Hi Thread,
I made a reply to the OP but didn't "reply all" so it just went directly to Ethan. Since the comments were interesting I'll attempt to salvage them by posting them in full:
== Lloyd's post ==
Hi Ethan,
I'd be interested to know what protocols you need OP_CAT for. I'm trying to figure out if there really exists any script based protocol that doesn't have a more efficient scriptless counterpart. For example, A²L[1] achieves the same thing as Tumblebit but requires no script. I can imagine paying based on a merkle path could be useful, but a protocol was recently suggested on lightning-dev [2] that does this but without OP_CAT (and without any script!).
== Ethan's response ==
Hi Lloyd,
Thanks for your response. I am not sure if you intended to take this off list or not.

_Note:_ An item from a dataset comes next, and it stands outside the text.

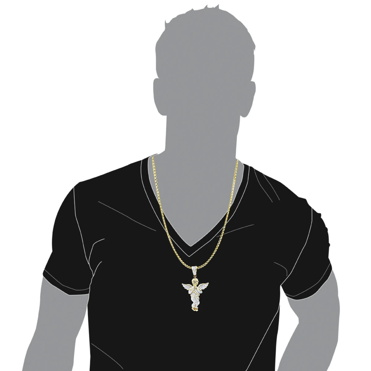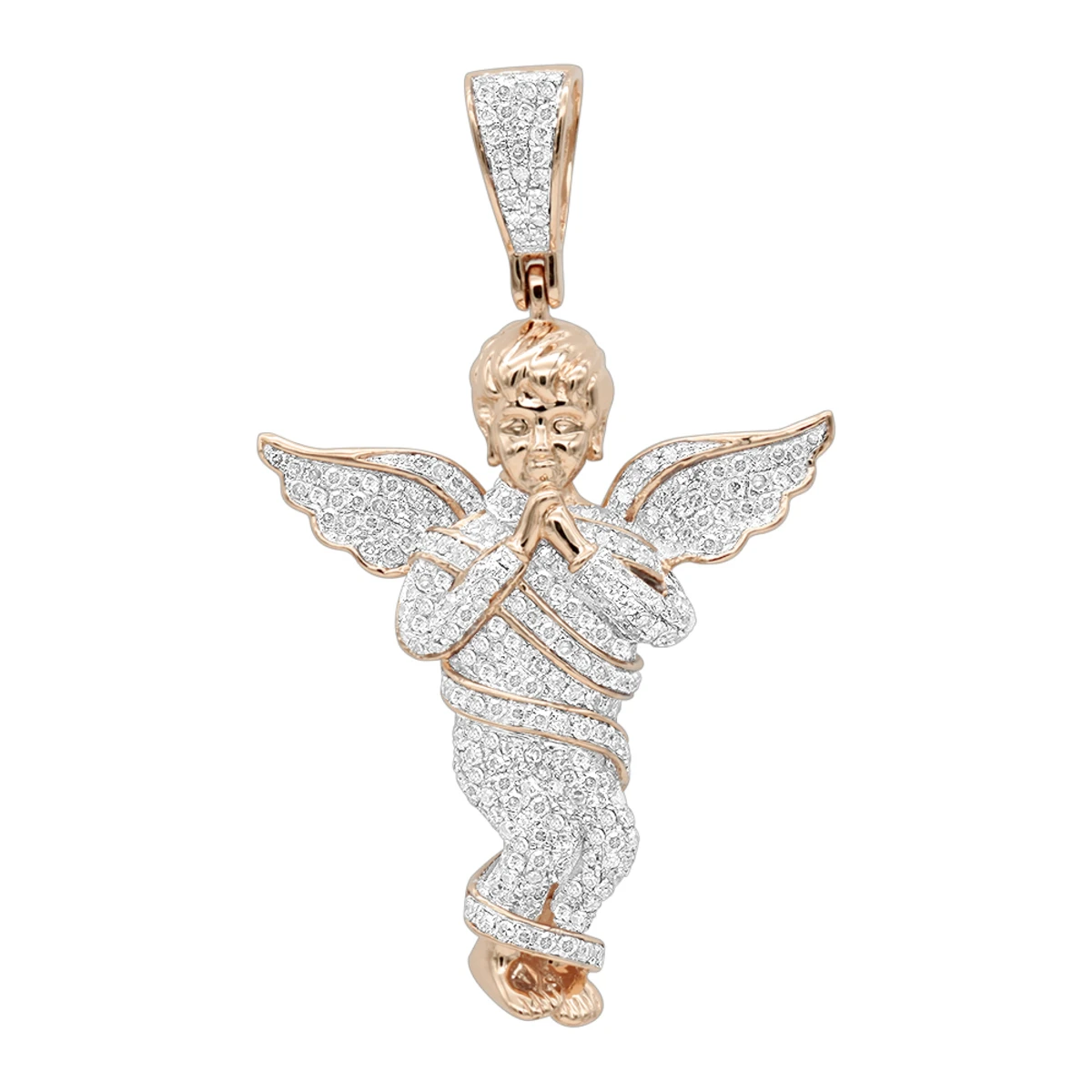 This luxurious solid 10K Gold Diamond Baby Angel Pendant for Men by Luxurman weights approximately 6 grams and showcases 1 carat of dazzling round cut white diamonds masterfully pave set in highly polished gold frame. Featuring a detailed angel design this diamond angel pendant is available in 10K yellow, white a rose gold. The bail in this diamond angel pendant is about 5mm by 5mm, if you would like to fit a larger chain please make a note during checkout about your chain size and we will adjust the bail bot fit your chain. You also can personalize this piece or check we’ve already made and create your own design.

I plan to at some point to enumerate in detail protocols that OP_CAT would benefit. A more important point is that OP_CAT is a basic building block and that we don't know what future protocols it would allow. In my own research I have avoiding going down certain paths because it isn't worth the time to investigate knowing that OP_CAT wouldn't make the protocol practical.
In regards to scriptless scripts they almost always require an interactive protocol and sometimes ZKPs. A2L is very impressive but like TumbleBit it places a large burden on the developer. Additionally I am aware of no way to reveal a subset of preimages with scriptless scripts, do a conditioned reveal i.e. these preimages can only spend under these two pubkeys and timelockA where after timelockZ this other pubkey can spend without a preimages. Scriptless scripts are a fantastic tool but they shouldn't be the only tool that we have.

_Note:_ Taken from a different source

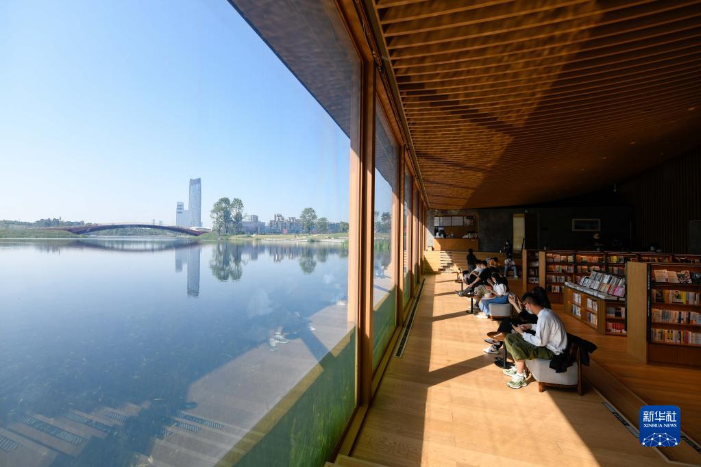 读者在成都兴隆湖畔的中信书店内读书(4月20日摄)。新华社记者 胥冰洁 摄

I'm not sure I follow what you are saying with [2]
This brings me back a philosophical point:
Bitcoin should give people basic tools to build protocols without first knowing what all those protocols are especially when those tools have very little downside.

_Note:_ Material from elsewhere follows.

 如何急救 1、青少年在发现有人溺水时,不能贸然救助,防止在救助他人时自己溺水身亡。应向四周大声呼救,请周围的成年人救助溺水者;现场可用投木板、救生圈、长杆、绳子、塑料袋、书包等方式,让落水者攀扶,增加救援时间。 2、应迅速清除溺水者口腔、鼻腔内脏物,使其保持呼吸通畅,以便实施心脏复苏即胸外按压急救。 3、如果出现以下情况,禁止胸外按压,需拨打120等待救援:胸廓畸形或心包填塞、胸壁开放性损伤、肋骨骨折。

I really appreciate your comments.
Thanks,
Ethan
==
*Back to normal thread*
Hi Ethan,
Thanks for the insightful reply and sorry for my mailing list errors.
> I plan to at some point to enumerate in detail protocols that OP_CAT would benefit.
Sweet. Thanks.
> Additionally I am aware of no way to reveal a subset of preimages with scriptless scripts, do a conditioned reveal i.e. these preimages can only spend under these two pubkeys and timelockA where after timelockZ this other pubkey can spend without a preimages. Scriptless scripts are a fantastic tool but they shouldn't be the only tool that we have.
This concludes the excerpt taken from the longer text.